Data records:
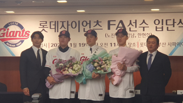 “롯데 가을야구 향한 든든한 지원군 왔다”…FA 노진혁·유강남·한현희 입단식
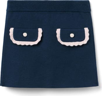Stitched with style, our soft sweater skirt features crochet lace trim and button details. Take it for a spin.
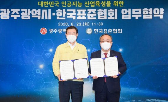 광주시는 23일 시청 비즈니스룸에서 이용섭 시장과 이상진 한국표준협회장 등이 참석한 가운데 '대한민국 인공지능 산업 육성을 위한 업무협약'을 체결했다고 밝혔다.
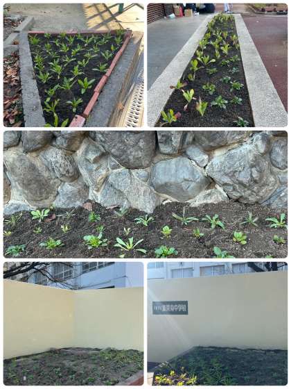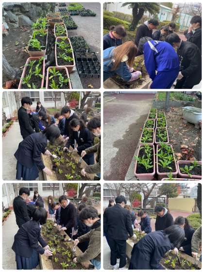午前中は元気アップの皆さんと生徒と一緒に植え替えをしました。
==
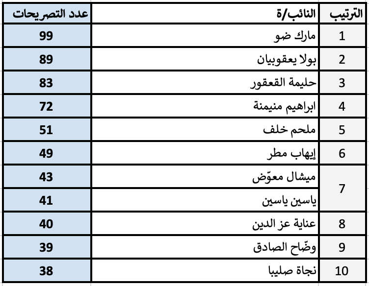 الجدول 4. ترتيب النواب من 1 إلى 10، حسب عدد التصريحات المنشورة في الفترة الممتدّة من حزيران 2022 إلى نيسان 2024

Your assignment: Of the records above, print only the lines from the one containing "광주시는 23일 시청" through the one containing "午前中は元気アップの皆さんと生徒と一緒に植え替えをしました。", inclusive and unaltered, leaving out pictures.

Written response:
 광주시는 23일 시청 비즈니스룸에서 이용섭 시장과 이상진 한국표준협회장 등이 참석한 가운데 '대한민국 인공지능 산업 육성을 위한 업무협약'을 체결했다고 밝혔다.
午前中は元気アップの皆さんと生徒と一緒に植え替えをしました。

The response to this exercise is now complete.